Until the Seabridge Square shopping center was upended for renovations and remodeling, one of St Johns County’s longest running holiday landmarks, Lightsey and Sons, was a sure sign that Thanksgiving and Christmas were right around the corner.
Historic City News visited the stand five-years ago, just to confirm that rumors of their retirement were unfounded. The following year and since, the Lightsey family has operated from arguably a better intersection; the Whetstone lot at King Street and Ponce de Leon Boulevard.
“I’ve been at this for over 40-years now,” St Augustine native Glenn Lightsey told Historic City News editor Michael Gold this week. “Vivian and I started right after high school and pumpkins and Christmas trees have been our seasonal business ever since.”
As she told us five-years ago, Vivian Lightsey, who some say is the brains behind the operation, said she wouldn’t know how to retire — even though the thought of not having to be open twelve hours a day, or more as Thanksgiving and Christmas approach, is tempting.
Pumpkins and Christmas trees are a family affair. Glenn and Vivian started the business, their sons and daughter have all spent time on the lot, and Vivian’s brother, Mike Severt, has his own holiday tree business, started a year or so after Glenn and Vivian were married.
When we visited with him earlier this week, he was running in his usual wide-open mode. “We’re headed up to North Carolina to cut the Christmas tree for the City of St Augustine,” Glenn said. “We’ll drive it home in our truck and set it up in the Plaza like we’ve done for years.”
The Lightseys brought this year’s tree to the Gazebo on Monday morning. Using heavy equipment, they raised the magnificent tree and secured it in place, so the process of stringing lights and decorating with ornaments could begin. Although everything will be tested by Friday, the Christmas tree officially will be lighted as part of Saturday evening’s Light Up Night.

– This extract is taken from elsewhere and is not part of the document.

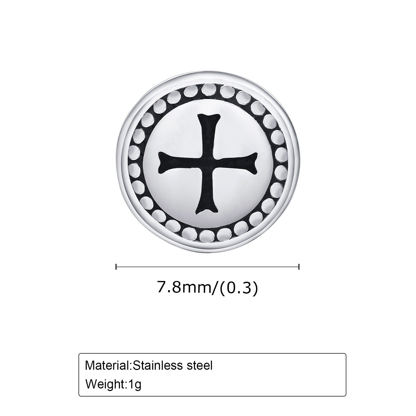 Kemstone Men’s Stainless Steel Cross Stud Earrings – Gothic Round Design Jewelry ES-429

In today’s world of political correctness, no doubt there will be someone who will object to preserving the tradition of lighting a Christmas tree in the heart of our nation’s oldest city plaza. It will be conflated to represent the Christian holiday and a symbol that might cause some minority member of a non-Christian religion, or an atheist, to feel oppressed.
Gainesville pastor Ronald Rawls, Jr., has instigated members of the local AME church, and enlisted the help of sympathetic minority causes in Jacksonville and elsewhere, to march en masse to the Plaza and disrupt the scheduled holiday lighting ceremony, music, and family activities. Rawls is bitter that the St Augustine city commission followed the recommendation of City Manager John Regan and his staff to ignore Rawls’ demands to remove a memorial obelisk from the Plaza. First-term commissioner Todd Neville has shown tacit support for Rawls manifesto ultimatums to either remove the memorial — or face civil unrest.
The 150-year-old structure was built in remembrance of 40 local citizens who died or were killed during the Civil War and whose bodies were never returned to their families for burial. Some of St Augustine’s founding family names are listed among those remembered. Rawls says the memorial is “racist” and the community is rife with “white supremacists” who he claims are still controlling the town as they did in the 1960’s during the Civil Rights movement.